After 7 days of culture, the cellular interaction with the biomaterial was evaluated by FE-SEM (Field Emission Scanning Electron Microscopy) (Zeiss—EVO MA10, São Paulo, Brazil). The samples were washed three times with PBS and then chemically fixed with 4% paraformaldehyde at room temperature for 20 min. Subsequently, the samples were dehydrated using an ascending series of ethanol. Prior to analysis, they were coated with a thin layer of gold using a sputter-coating system.

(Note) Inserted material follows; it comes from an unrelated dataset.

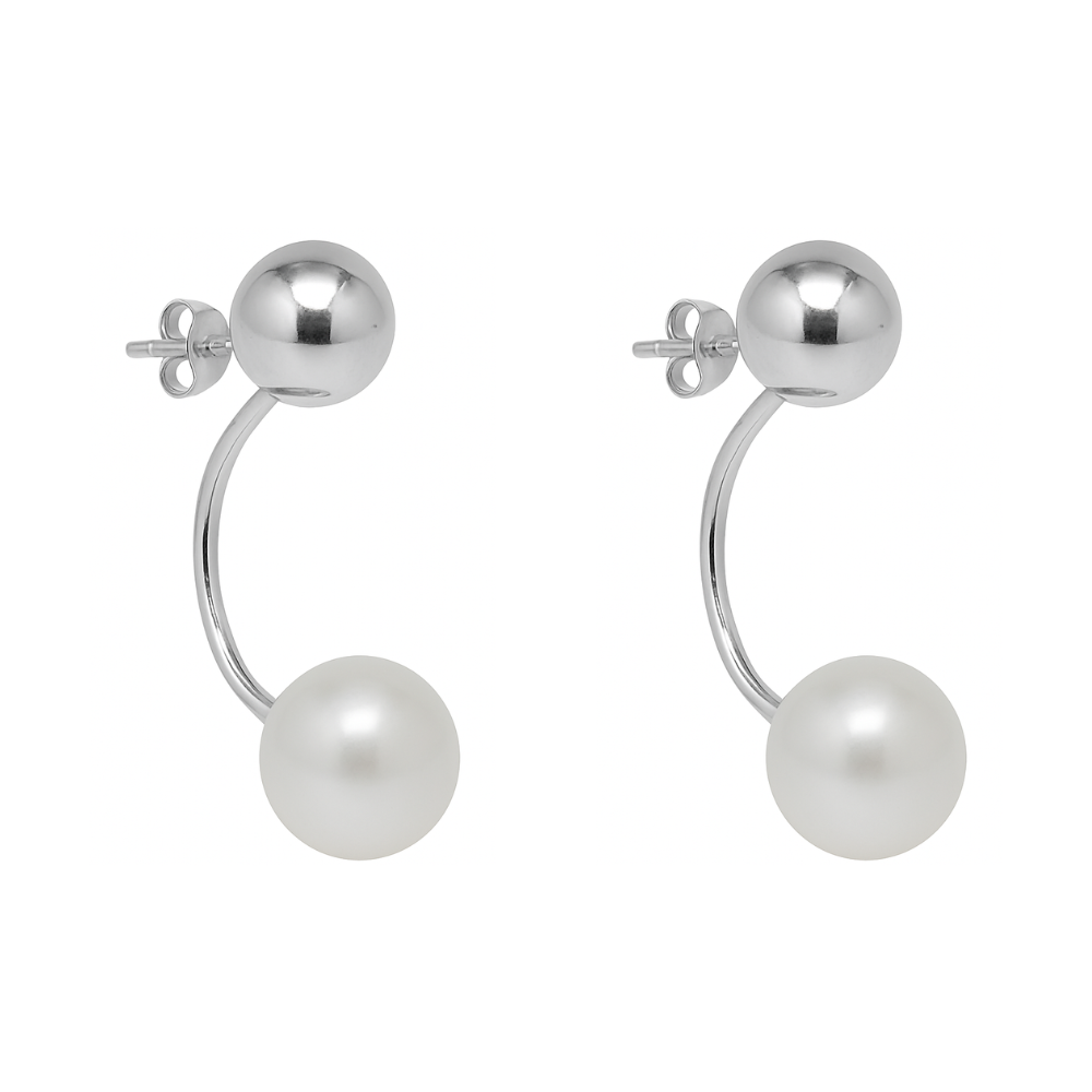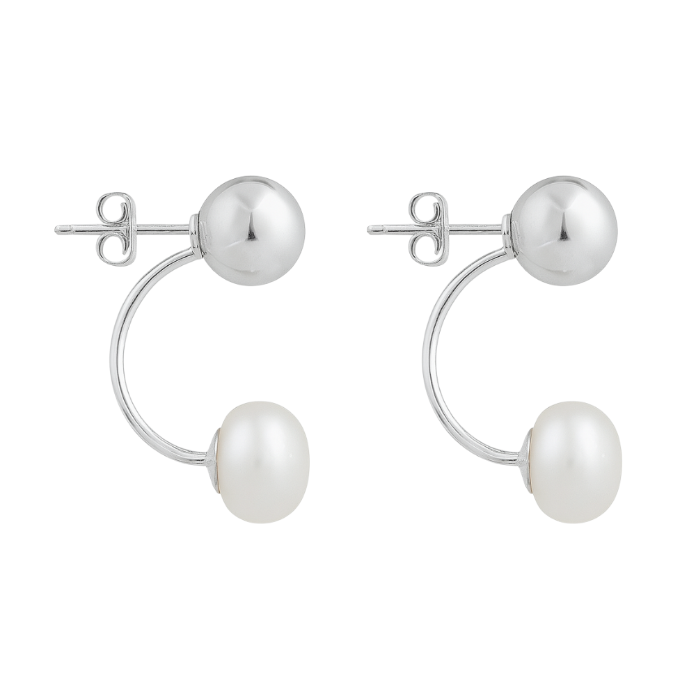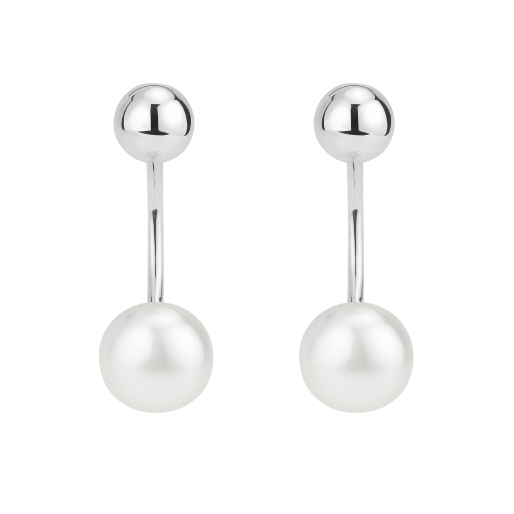 925 Sterling Silver Double Polished Silver Ball and Simulated Pearl Earring Jackets, Sold as a Pair

4.8. Determination of Cell Viability

After 7 days of cell culture, aliquots of MTT [3-(4,5-dimethylthiazol-2-yl)-2,5-diphenyltetrazolium bromide] (Sigma Aldrich®, Merck KGaA, Darmstadt, Germany) at 0.5 mg/mL in culture medium were prepared. The primary cultures were then incubated with this solution for 4 h at 37 °C. Subsequently, the MTT solution was removed, and 500 μL of DMSO solution (Dimethyl Sulfoxide, Gibco—Life Technologies, Baltimore, MD, USA) was added to the wells and left for 10 min in a CO2 incubator at 37 °C. The plate was then agitated for 10 min. Aliquots of 100 μL were taken from the wells and transferred to a 96-well plate (Greiner CELLSTAR®, Merck KGaA, Darmstadt, Germany) for colorimetric measurement in a microplate reader at a wavelength of 570 nm (Biotek® EL808IU, BioTek Instruments, Inc., Winooski, VT, USA). The data were recorded as absorbance values and stored for statistical analysis.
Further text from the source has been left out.